> _WORK INSTRUCTIONS_:
The entries below contain a line with "Τρυπάνι βηματισμού 6-38mm" and a line with "键盘的键程为 1.6mm,上". Quote exactly those two lines and all lines between them.

___ DATA FOR REVIEW ___

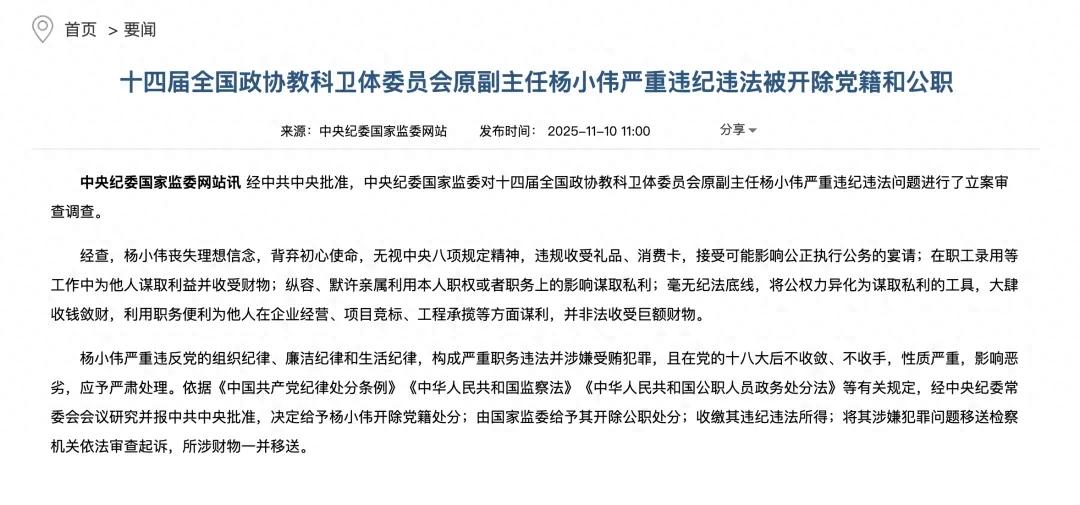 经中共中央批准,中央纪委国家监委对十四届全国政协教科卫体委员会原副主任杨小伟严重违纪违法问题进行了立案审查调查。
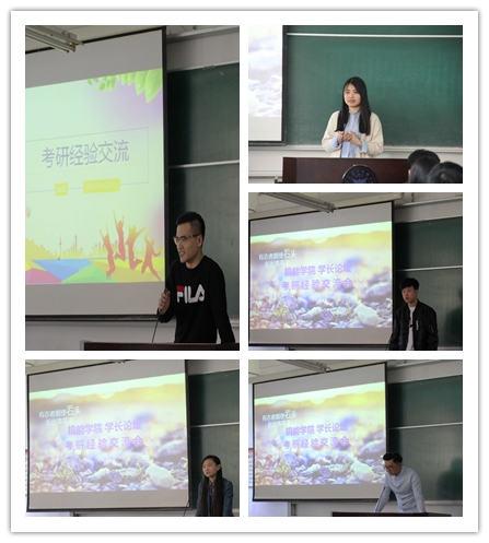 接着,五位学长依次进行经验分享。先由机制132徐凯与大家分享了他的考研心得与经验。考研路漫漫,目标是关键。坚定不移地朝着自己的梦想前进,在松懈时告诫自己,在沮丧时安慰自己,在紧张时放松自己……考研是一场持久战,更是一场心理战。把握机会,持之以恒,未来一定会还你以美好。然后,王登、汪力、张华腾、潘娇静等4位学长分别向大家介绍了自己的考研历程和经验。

___
___ DATA FOR REVIEW ___

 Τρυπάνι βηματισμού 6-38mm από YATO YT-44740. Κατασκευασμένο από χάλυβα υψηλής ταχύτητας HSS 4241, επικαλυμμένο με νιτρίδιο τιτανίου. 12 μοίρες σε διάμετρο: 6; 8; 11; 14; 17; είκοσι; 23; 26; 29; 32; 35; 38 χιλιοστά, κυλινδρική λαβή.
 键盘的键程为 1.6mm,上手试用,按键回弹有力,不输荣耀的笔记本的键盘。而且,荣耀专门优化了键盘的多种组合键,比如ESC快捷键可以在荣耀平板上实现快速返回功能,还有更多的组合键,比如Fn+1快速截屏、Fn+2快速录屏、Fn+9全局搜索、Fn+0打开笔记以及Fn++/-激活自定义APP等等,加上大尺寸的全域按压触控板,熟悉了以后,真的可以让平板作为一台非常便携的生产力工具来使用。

___

> _ANSWER AREA_:
 Τρυπάνι βηματισμού 6-38mm από YATO YT-44740. Κατασκευασμένο από χάλυβα υψηλής ταχύτητας HSS 4241, επικαλυμμένο με νιτρίδιο τιτανίου. 12 μοίρες σε διάμετρο: 6; 8; 11; 14; 17; είκοσι; 23; 26; 29; 32; 35; 38 χιλιοστά, κυλινδρική λαβή.
 键盘的键程为 1.6mm,上手试用,按键回弹有力,不输荣耀的笔记本的键盘。而且,荣耀专门优化了键盘的多种组合键,比如ESC快捷键可以在荣耀平板上实现快速返回功能,还有更多的组合键,比如Fn+1快速截屏、Fn+2快速录屏、Fn+9全局搜索、Fn+0打开笔记以及Fn++/-激活自定义APP等等,加上大尺寸的全域按压触控板,熟悉了以后,真的可以让平板作为一台非常便携的生产力工具来使用。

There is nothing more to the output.